## Your assignment
Leaving out pictures, output exactly the lines below from the one that has "englefigurer dekor i" through the one that has "In the scene, which", and nothing else.

## Source data

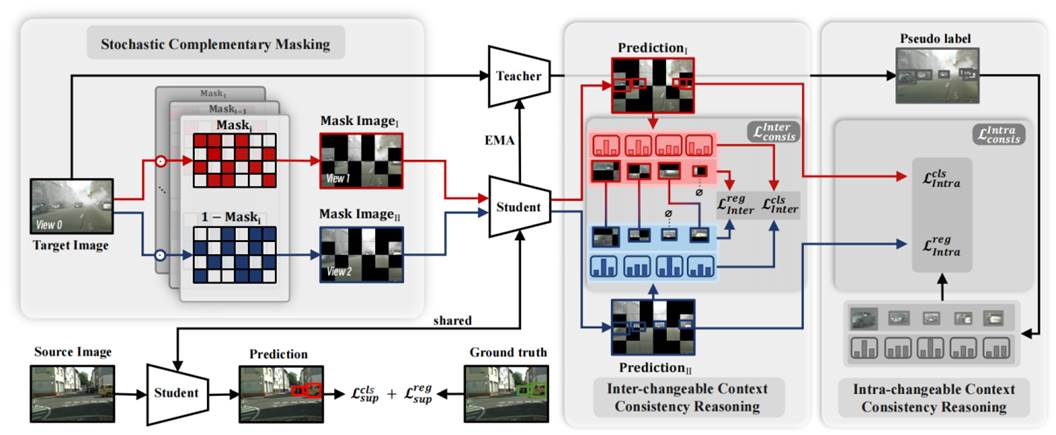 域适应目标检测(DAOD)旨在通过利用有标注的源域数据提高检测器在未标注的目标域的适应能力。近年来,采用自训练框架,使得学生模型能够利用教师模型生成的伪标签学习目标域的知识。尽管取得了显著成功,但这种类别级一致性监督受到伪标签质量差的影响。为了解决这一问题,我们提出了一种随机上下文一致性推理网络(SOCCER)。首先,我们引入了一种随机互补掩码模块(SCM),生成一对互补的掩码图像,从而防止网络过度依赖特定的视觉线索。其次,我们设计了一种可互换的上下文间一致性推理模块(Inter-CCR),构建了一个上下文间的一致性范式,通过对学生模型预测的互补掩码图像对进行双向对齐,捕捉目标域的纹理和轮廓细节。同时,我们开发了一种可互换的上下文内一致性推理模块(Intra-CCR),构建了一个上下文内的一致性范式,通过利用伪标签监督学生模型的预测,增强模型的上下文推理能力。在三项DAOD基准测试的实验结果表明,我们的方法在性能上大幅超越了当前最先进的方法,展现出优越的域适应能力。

...

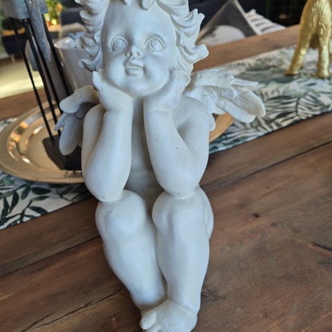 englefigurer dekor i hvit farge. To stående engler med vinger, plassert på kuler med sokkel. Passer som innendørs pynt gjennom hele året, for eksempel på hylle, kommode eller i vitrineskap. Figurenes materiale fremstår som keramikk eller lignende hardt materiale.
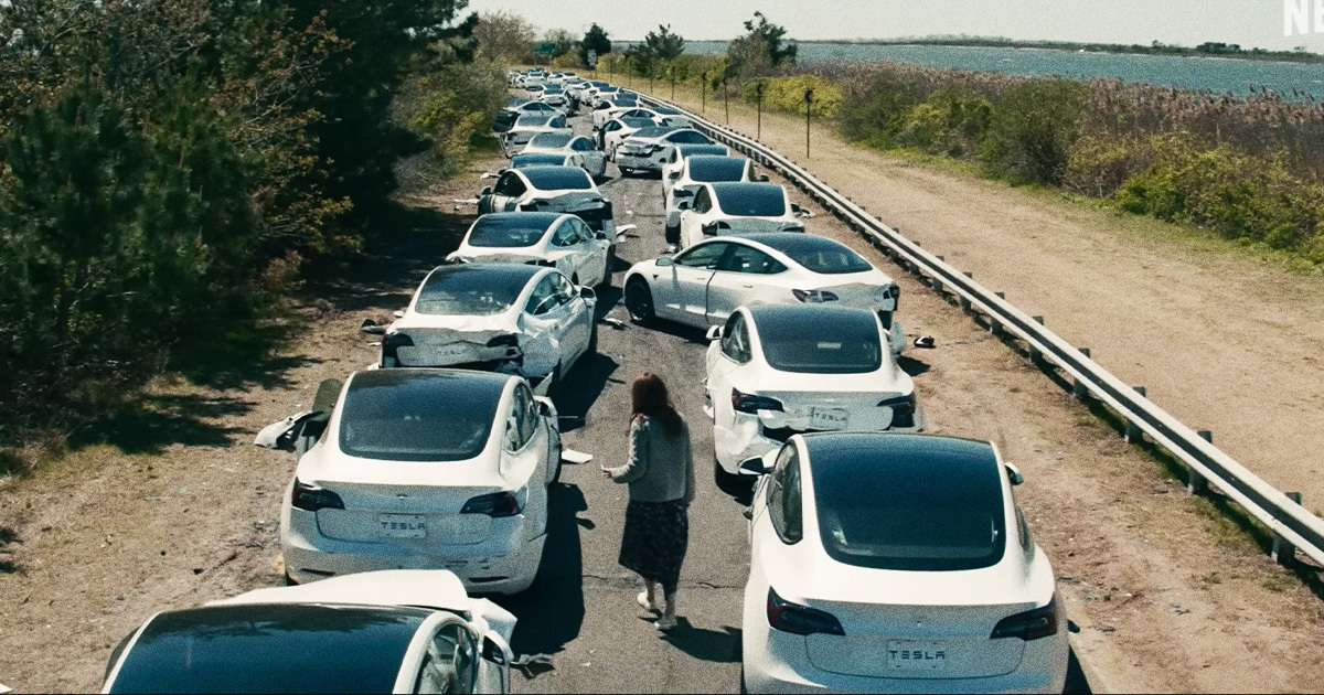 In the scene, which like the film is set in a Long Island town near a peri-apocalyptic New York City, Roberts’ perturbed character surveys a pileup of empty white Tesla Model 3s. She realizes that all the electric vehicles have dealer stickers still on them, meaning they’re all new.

--

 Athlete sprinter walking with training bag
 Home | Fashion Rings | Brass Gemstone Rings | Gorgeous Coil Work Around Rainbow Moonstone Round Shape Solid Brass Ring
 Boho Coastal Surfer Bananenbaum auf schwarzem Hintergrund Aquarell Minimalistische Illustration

## Answer space
 englefigurer dekor i hvit farge. To stående engler med vinger, plassert på kuler med sokkel. Passer som innendørs pynt gjennom hele året, for eksempel på hylle, kommode eller i vitrineskap. Figurenes materiale fremstår som keramikk eller lignende hardt materiale.
 In the scene, which like the film is set in a Long Island town near a peri-apocalyptic New York City, Roberts’ perturbed character surveys a pileup of empty white Tesla Model 3s. She realizes that all the electric vehicles have dealer stickers still on them, meaning they’re all new.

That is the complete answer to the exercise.